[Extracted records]
____________
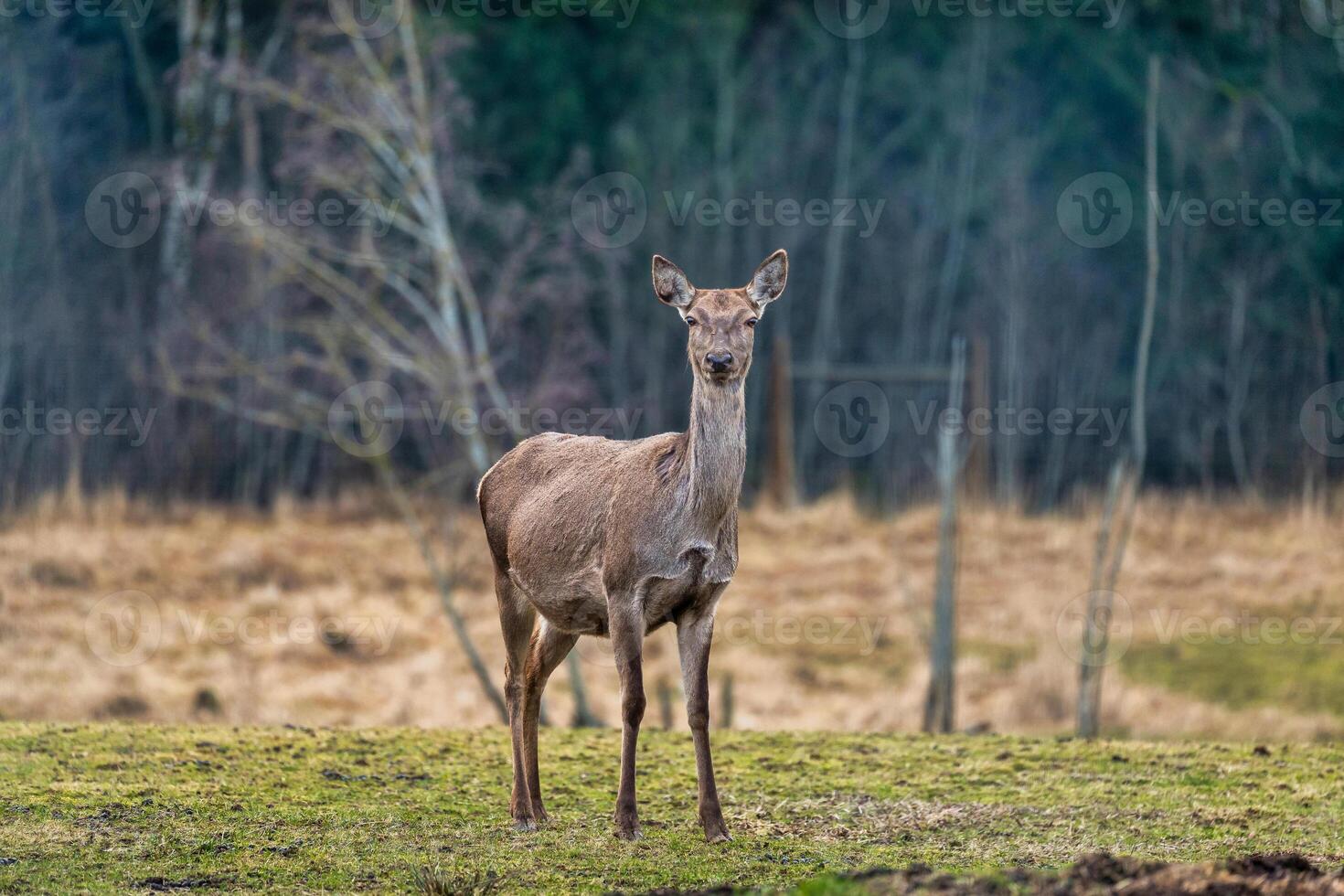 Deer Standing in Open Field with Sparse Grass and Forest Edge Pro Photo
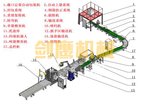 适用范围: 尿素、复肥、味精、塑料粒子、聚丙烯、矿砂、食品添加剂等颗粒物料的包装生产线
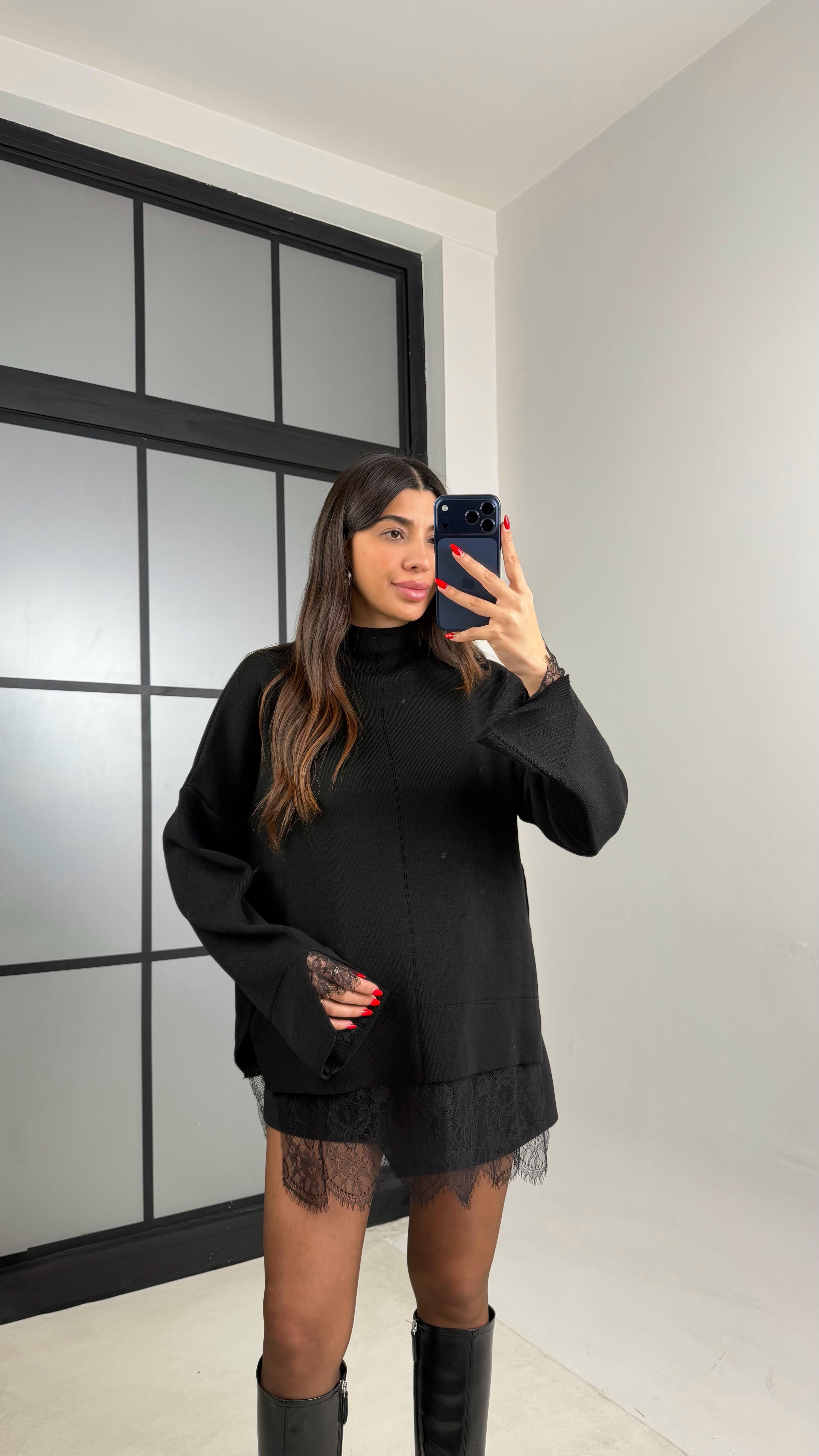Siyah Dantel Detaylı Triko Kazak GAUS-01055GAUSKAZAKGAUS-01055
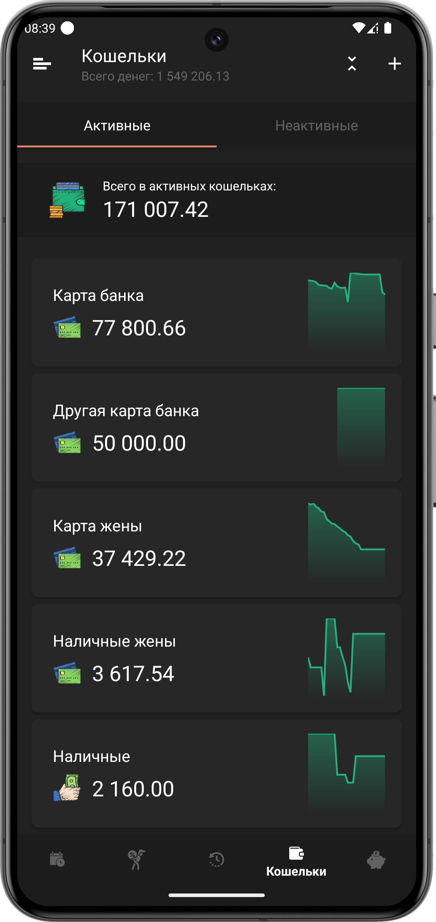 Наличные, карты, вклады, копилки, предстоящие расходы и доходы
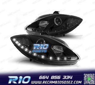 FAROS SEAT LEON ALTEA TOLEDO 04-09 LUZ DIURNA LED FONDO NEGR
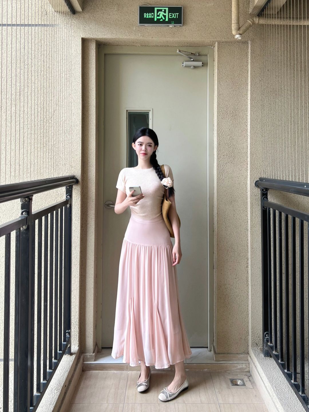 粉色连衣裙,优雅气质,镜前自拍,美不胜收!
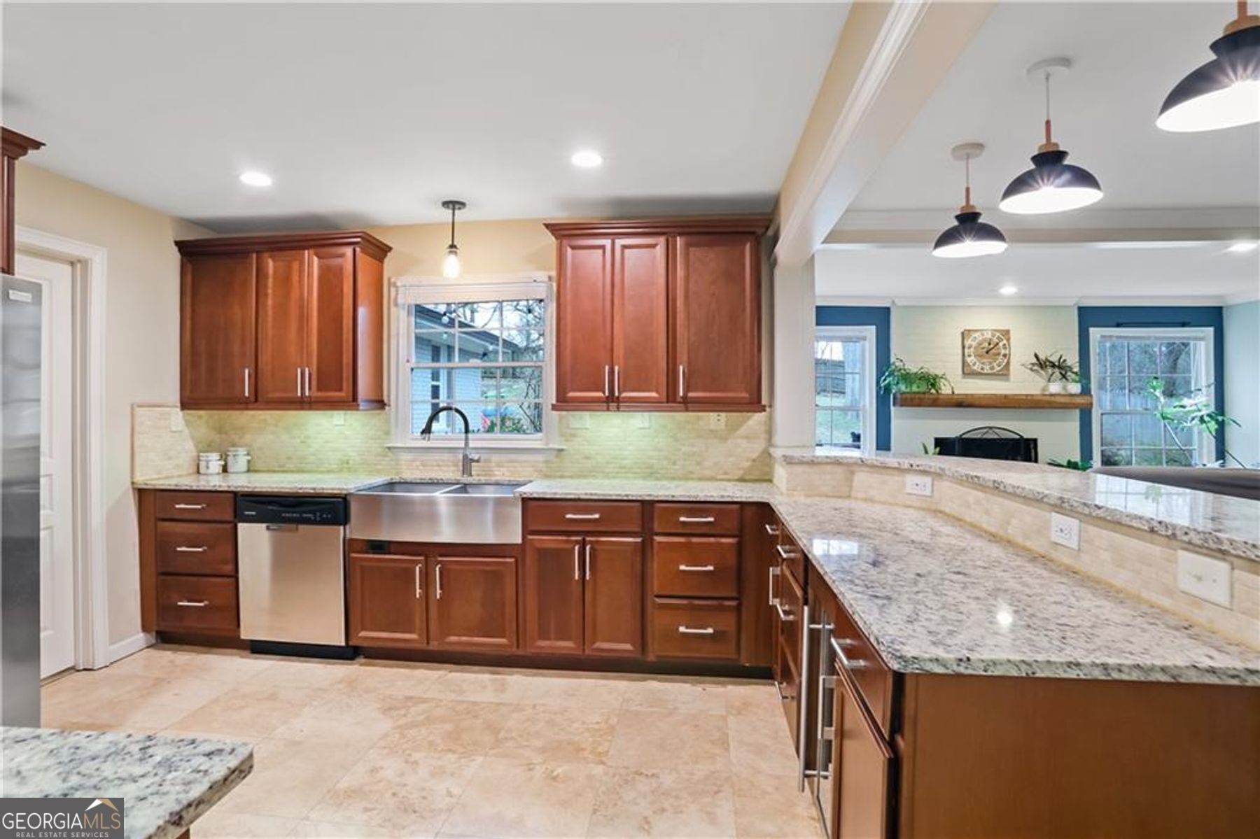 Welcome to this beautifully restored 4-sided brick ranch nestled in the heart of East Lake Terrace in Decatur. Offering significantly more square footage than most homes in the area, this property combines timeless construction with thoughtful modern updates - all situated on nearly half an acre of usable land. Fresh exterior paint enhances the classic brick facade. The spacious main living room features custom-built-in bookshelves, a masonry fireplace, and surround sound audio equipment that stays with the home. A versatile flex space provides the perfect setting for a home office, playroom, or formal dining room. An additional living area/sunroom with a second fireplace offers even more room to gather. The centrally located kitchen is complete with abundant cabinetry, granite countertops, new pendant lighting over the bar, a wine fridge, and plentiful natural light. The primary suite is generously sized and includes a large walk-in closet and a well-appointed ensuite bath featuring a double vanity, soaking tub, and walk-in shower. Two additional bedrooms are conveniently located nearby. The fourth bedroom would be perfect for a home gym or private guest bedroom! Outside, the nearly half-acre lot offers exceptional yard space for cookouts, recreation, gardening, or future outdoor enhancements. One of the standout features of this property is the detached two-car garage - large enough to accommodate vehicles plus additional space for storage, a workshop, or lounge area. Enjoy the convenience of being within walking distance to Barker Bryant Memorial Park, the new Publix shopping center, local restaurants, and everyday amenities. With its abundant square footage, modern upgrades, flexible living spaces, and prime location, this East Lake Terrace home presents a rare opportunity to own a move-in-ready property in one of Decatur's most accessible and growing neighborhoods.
____________
WORK TO BE COMPLETED: Exactly the lines from the start of the entries above through the line with "Наличные, карты, вклады, копилки, предстоящие" should be reproduced, and nothing else; drop the pictures.

ANSWER TO THE EXERCISE:
 Deer Standing in Open Field with Sparse Grass and Forest Edge Pro Photo
 适用范围: 尿素、复肥、味精、塑料粒子、聚丙烯、矿砂、食品添加剂等颗粒物料的包装生产线
Siyah Dantel Detaylı Triko Kazak GAUS-01055GAUSKAZAKGAUS-01055
 Наличные, карты, вклады, копилки, предстоящие расходы и доходы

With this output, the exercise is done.